§ **Problem to work on**: No pictures go in the copy. Restate, word for word, each line from the one containing "首都师范大学学生 瓦尔加·博尼塔 (又名" through the last line below.

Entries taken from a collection

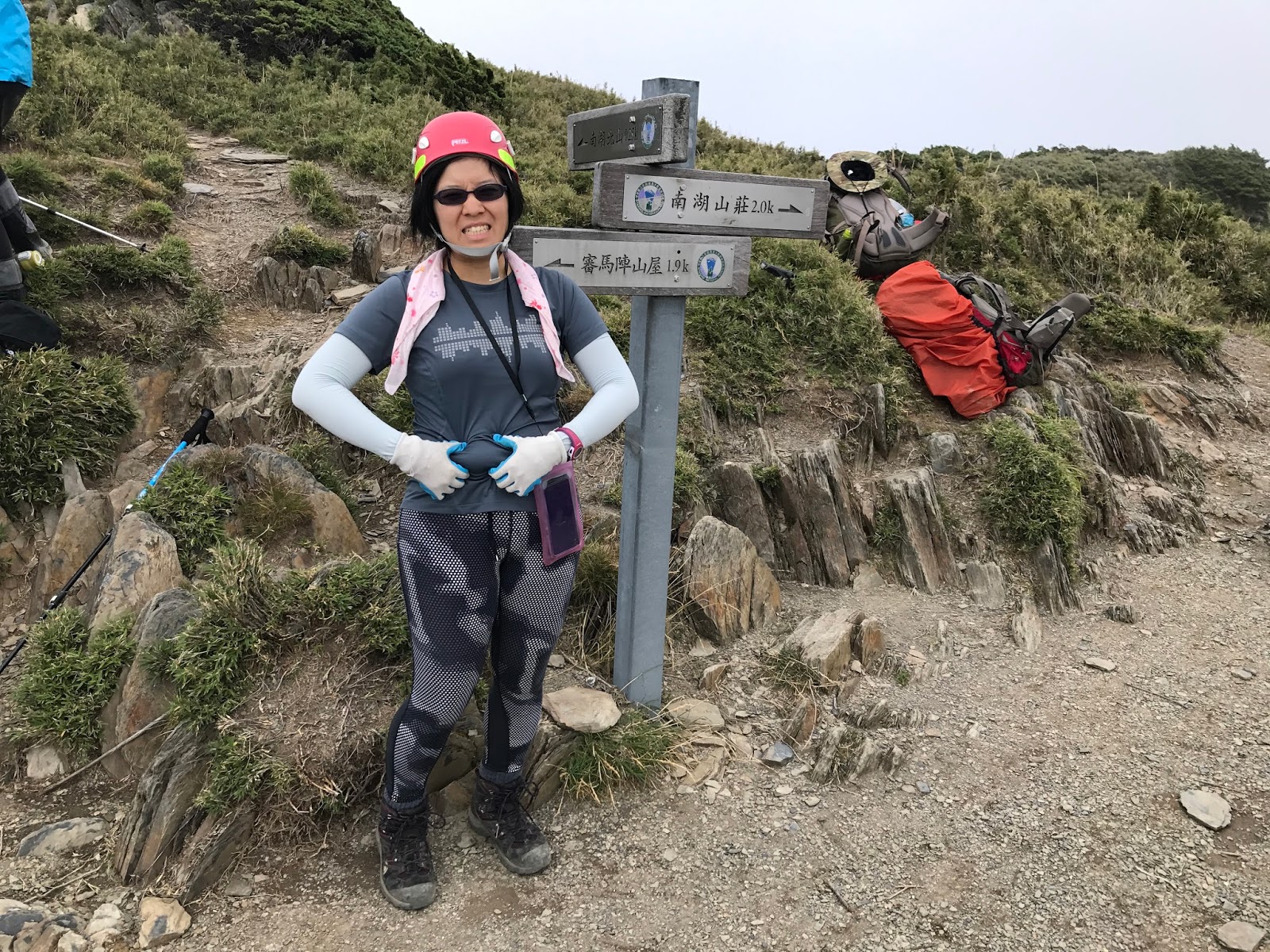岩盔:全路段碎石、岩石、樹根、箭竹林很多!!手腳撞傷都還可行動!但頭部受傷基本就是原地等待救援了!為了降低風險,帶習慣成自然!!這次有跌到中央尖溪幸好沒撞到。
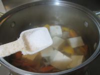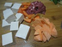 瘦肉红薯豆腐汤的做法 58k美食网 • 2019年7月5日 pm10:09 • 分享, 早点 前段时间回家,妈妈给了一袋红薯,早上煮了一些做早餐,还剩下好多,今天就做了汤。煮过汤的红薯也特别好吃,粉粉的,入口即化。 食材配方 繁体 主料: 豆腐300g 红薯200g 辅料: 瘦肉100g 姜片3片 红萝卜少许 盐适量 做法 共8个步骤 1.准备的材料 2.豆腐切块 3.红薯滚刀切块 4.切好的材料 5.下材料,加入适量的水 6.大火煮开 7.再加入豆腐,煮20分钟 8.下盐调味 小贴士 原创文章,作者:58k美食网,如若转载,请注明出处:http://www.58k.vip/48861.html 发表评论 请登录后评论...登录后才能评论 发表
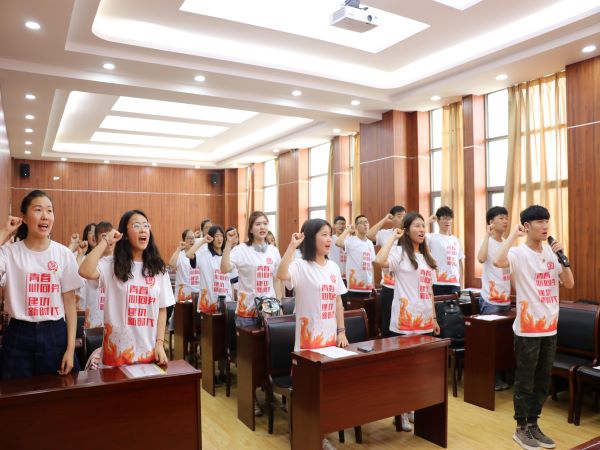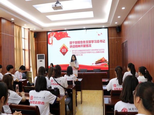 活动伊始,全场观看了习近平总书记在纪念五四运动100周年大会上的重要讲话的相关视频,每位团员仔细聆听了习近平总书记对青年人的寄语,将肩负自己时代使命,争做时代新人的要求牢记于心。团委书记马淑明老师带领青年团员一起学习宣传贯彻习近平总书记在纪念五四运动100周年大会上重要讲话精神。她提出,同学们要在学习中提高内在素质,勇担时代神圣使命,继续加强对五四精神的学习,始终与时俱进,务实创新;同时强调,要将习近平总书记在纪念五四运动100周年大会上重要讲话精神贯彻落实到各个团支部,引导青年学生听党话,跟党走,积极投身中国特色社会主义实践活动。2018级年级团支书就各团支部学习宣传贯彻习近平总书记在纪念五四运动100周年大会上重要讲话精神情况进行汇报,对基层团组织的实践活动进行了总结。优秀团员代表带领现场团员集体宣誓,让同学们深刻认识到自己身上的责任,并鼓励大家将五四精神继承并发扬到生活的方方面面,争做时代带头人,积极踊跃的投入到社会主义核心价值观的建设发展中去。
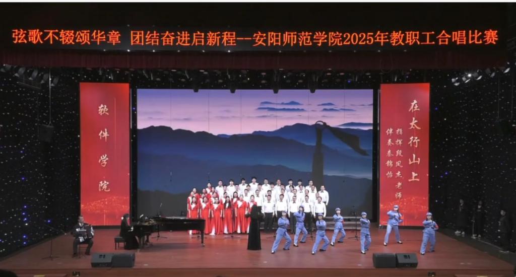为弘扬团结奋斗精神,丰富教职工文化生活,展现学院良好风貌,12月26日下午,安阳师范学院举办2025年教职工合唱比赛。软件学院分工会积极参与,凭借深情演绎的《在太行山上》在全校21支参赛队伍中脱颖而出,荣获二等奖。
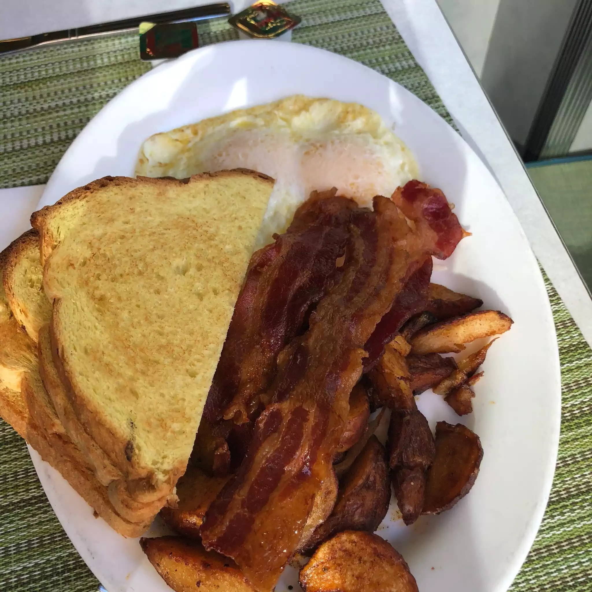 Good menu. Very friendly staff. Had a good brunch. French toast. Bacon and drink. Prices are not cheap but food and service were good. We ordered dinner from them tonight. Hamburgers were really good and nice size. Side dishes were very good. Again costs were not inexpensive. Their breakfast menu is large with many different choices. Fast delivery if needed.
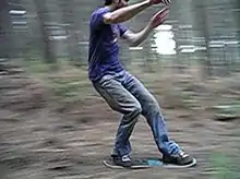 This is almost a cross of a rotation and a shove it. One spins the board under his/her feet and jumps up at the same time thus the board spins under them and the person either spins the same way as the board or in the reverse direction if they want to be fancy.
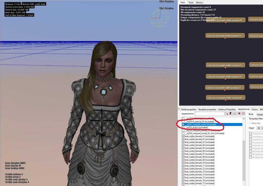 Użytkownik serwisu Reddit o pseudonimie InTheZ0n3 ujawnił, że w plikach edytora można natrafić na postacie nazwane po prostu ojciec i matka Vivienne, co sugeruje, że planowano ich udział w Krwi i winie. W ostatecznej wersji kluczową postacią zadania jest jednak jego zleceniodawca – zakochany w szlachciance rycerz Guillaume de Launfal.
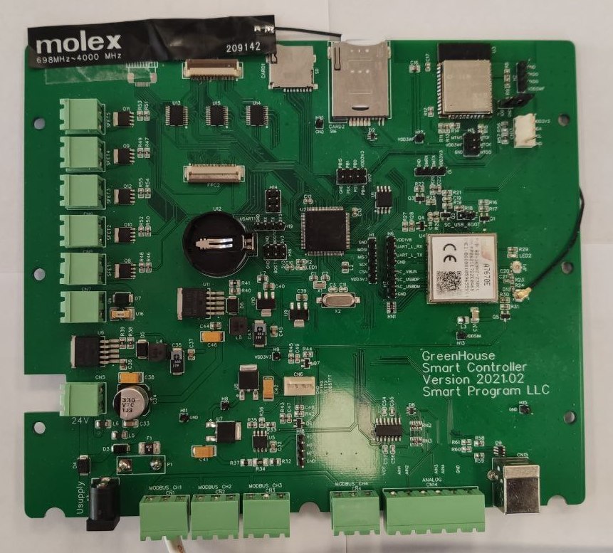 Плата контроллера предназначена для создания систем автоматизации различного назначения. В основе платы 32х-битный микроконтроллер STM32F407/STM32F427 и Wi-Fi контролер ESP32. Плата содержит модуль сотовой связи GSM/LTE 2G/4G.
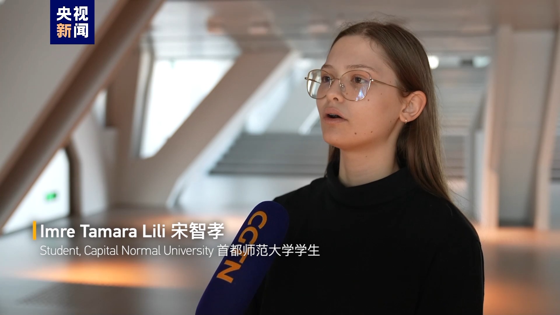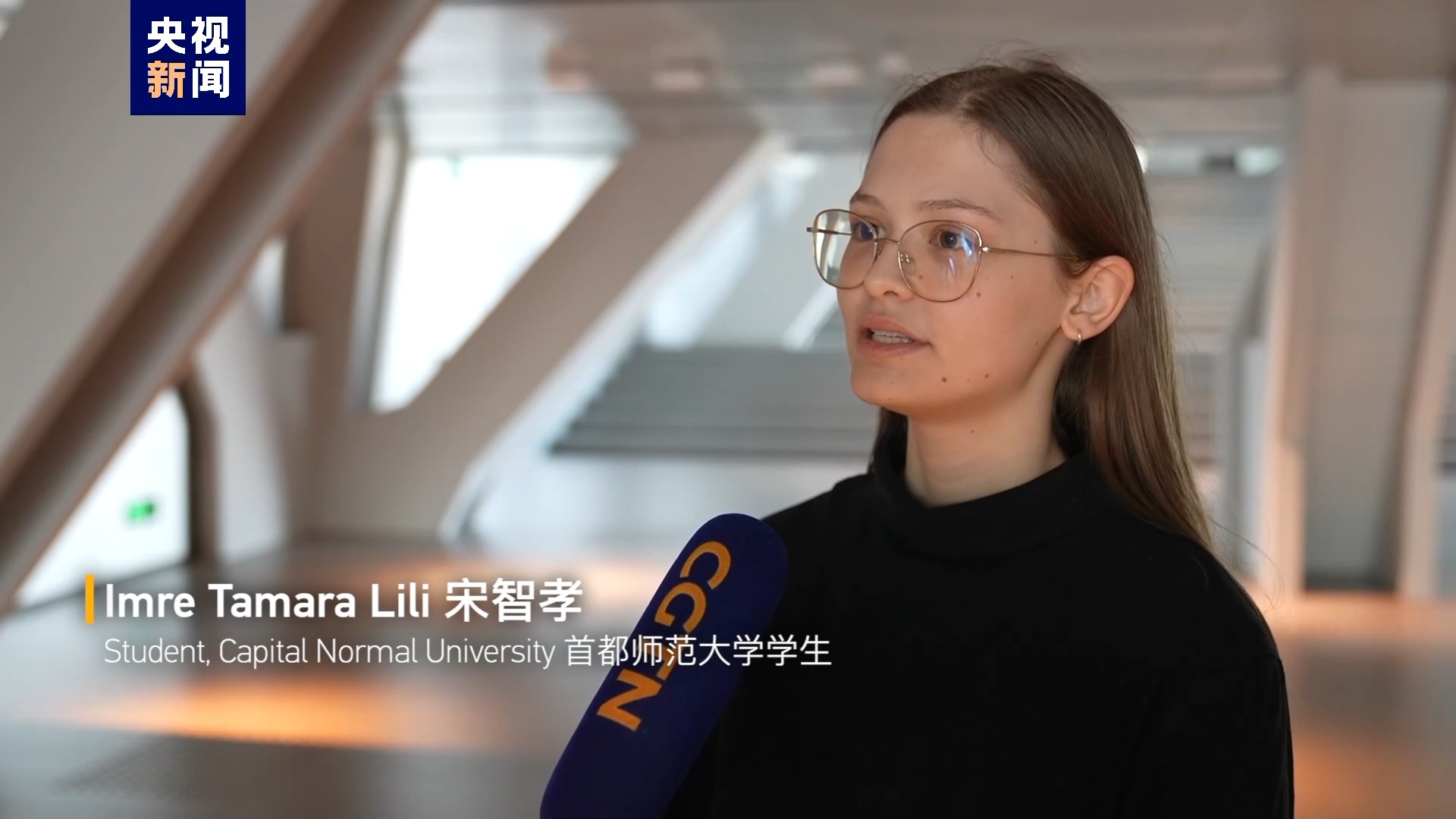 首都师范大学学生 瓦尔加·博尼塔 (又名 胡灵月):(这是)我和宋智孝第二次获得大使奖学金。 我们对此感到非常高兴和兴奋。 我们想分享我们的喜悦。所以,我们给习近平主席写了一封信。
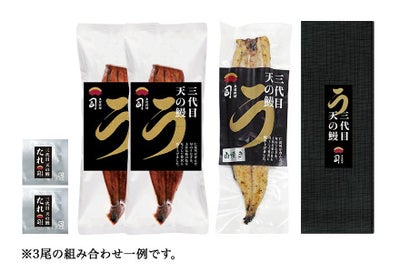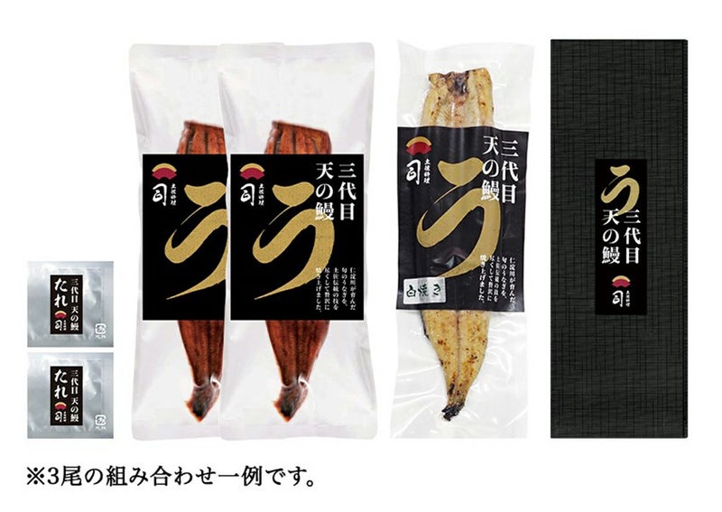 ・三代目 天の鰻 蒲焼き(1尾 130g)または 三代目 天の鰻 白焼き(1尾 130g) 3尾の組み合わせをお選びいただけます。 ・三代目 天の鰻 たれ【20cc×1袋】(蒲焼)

§ **Reply**:
 首都师范大学学生 瓦尔加·博尼塔 (又名 胡灵月):(这是)我和宋智孝第二次获得大使奖学金。 我们对此感到非常高兴和兴奋。 我们想分享我们的喜悦。所以,我们给习近平主席写了一封信。
 ・三代目 天の鰻 蒲焼き(1尾 130g)または 三代目 天の鰻 白焼き(1尾 130g) 3尾の組み合わせをお選びいただけます。 ・三代目 天の鰻 たれ【20cc×1袋】(蒲焼)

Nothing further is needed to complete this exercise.